Катерина невольно усмехнулась.
– Разве ты впервой ее видишь? – сказала она, принимаясь снова за свое дело. – Что это тебе вздумалось? она у нас вот уж никак пятый месяц.
– Нет, я так, тетушка Катерина, потому больше спросил, что в городе, как шел к вам, такую вот точно корову видел… точь-в-точь… оченно уж дешево отдавали. Только мне незачем! Я так говорю, к случаю; потому, когда человек семейный, ну, ему тогда все это требуется. Без коровы, знамо, никак нельзя; а мне зачем она? Другое дело, кабы… гм!.. то есть… гм!.. Может, господь благословит… тогда я все это… Я так, к примеру…
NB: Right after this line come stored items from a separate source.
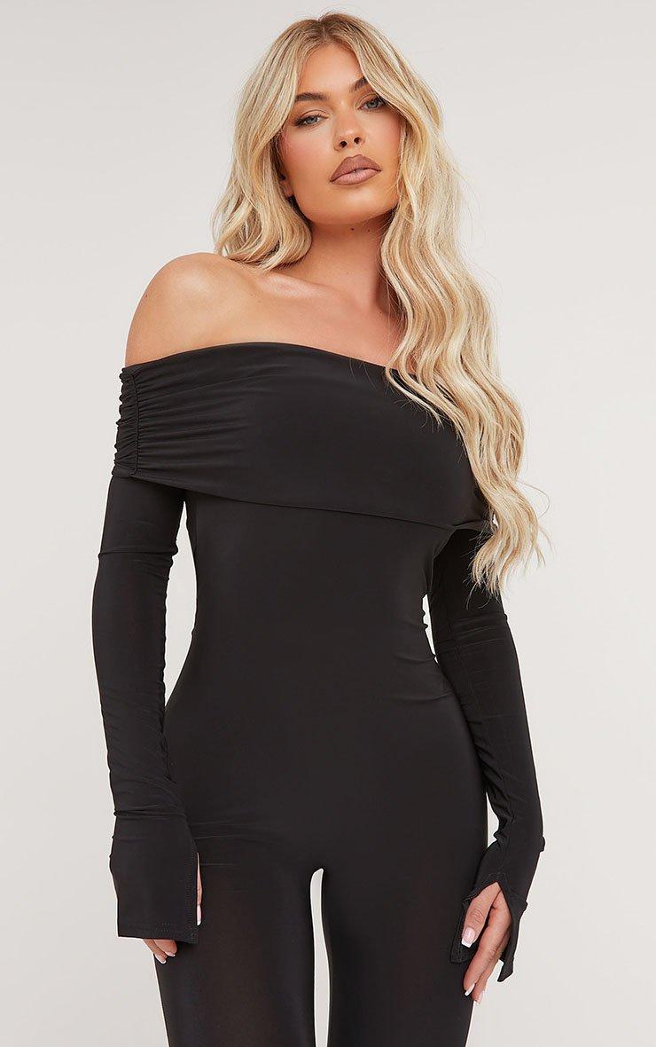 Add a luxe feel to you wardrobe with this jumpsuit doll. Featuring a black slinky material, a bardot neckline, an open back detailing and a split hem. Team this with some heels and accessories for a date night look we love.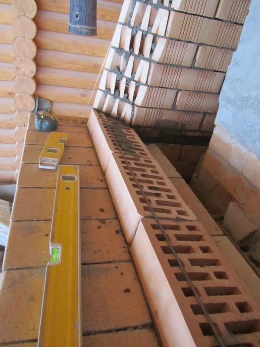 Между 3-4 рядом сетку заметил. А на первом руду что лежит. Если не шпилька, то на арматуру похожа? И еще вопрос, угол наклона стенок короба Во всех каминах и мангалов разный? И как определить сколько надо срезать у кирпича, первого ряда.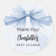 Un arrière - plan de couleur bleu clair. Décoré d'un grand arc. Personnalisez et ajoutez la mère pour être le nom de la mère. Script de style manuscrit noir. Texte : Merci !

Иван снова сбился с толку; чтоб поправиться, он поспешил провести ладонью по лицу, на котором снова выступили капли пота; но это не помогло; он начал кашлять, прищуривал глаза, раскрывал их, опять кашлял, и опять-таки ничего из этого не вышло. Едва только язык его произносил первое слово из разговора, который так хорошо обдумал он дорогой, едва приходила ему мысль об этом разговоре, его кидало тотчас же в пот, он путался и сбивался с толку. Наконец он решился отложить до завтра объяснение с тетушкой Катериной. Вместе с этой решимостью почувствовал он вдруг необыкновенное облегчение: точно гиря свалилась с плеч; он заговорил с прежней развязностью и непринуждением; но беседа не могла долго продолжаться: голоса Маши и трех мальчуганов, возвращавшихся домой, раздавались уже в шагах во ста от мазанки. Иван пошел к ним навстречу – и по прошествии десяти минут все стояли подле колодца, не выключая Волчка, который, желая, вероятно, выразить Ивану свою радость, подпрыгивал ему чуть не к самому носу.
– Полно вам, полно! экие шалыганы, прости господи! – вымолвила Катерина, слегка похлопывая ребятишек, которые облепили плечи и спину Ивана, – прочь пошли! Маша, хошь бы ты заступилась… Шутка, ведь сорок верст нонче прошел… Прочь пошли, баловники!